Updated almost 9 years ago on . Most recent reply

Military Tenant Wants to Break Lease
I have an issue, and I'm looking for opinions on how to deal with it.
I have a property in Texas that is being managed through a PM. That PM emailed me at the end of last week to inform me the tenant is going to be moving out. I reviewed my documents over the weekend and realized they have 5 months left on the lease. Naturally, as a military member myself, I assumed they had received orders and were exercising the military clause of the lease. I planned to call the PM on Monday.
Then on Saturday, I received a letter with return receipt from the tenant. I don't contact tenants personally, so this was a surprise. The letter said they had enjoyed living in my property, but had bought a house and want out of the lease. They want to pay me 1.8x rent and vacate in January. The lease expires in May.
When I contacted the PM, she was surprised they had written me, and said she had told them they had to keep paying until a new tenant was found. I told her to stick with that for the time being.

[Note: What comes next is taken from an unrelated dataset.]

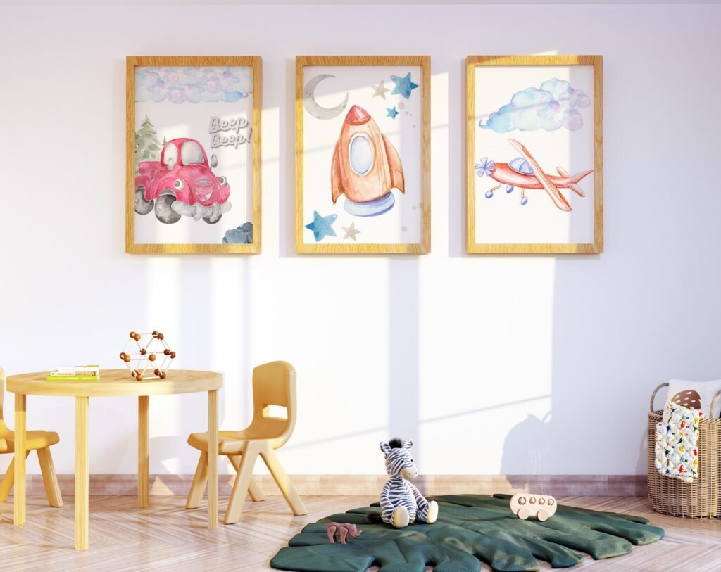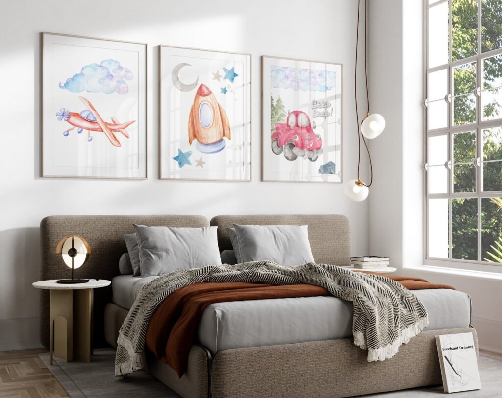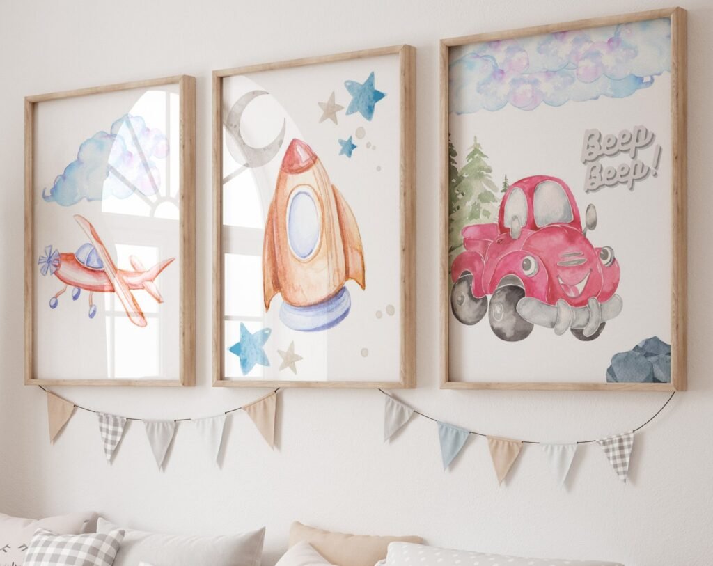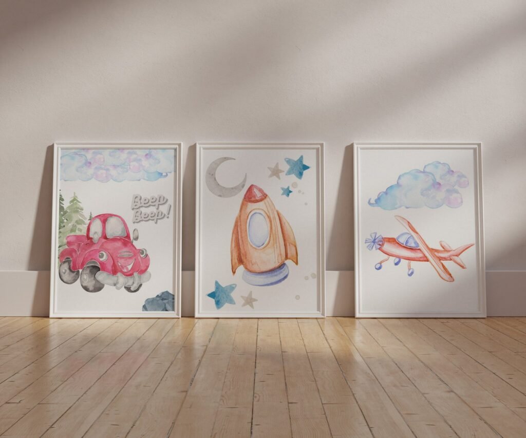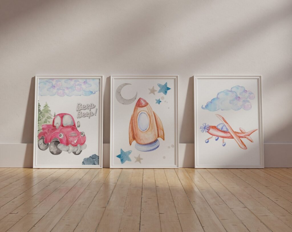 Our Car Nursery,Train, Rocket, Plane, transportation set of 3, soothing colors, and heartwarming quotes that are bound to bring joy and comfort to your baby’s room. Each print is thoughtfully crafted to add a touch of magic and wonder, making it an ideal gift for new parents or a special treat for your own bundle of joy.

I'm in the military but I've never been in this position as landlord or tenant. I've also never dealt with base housing offices with respect to off-base leases, again either as landlord or tenant. Do I need to be worried about getting "black listed" if I enforce my lease? Has anyone successfully enforced a lease by contacting the tenant's commander? Has anyone sent a military tenant to collections?
I'm not looking to be greedy or screw anyone over, I just don't want to lose money because they chose not to read the contract before signing.
Most Popular Reply

@Colin Reid With a quick google search, in Texas, it appears that you have to make reasonable efforts to re-rent the property. So, tell your PM to work on finding another tenant for when the vacancy is going to occur. Your PM should know the law and should be advising you, by the way.
Your tenants are on the hook for the remainder of the lease, but because you have a duty to mitigate, you can't just sit back and let the property remain vacant. You have to try to rent it out, but you don't have to relax your standards.
By the way, this happened to me in California this summer. I got the place leased the day after the old tenants turned over their keys. I didn't lose any money and they got their deposit back. It was a little stressful, but it worked out.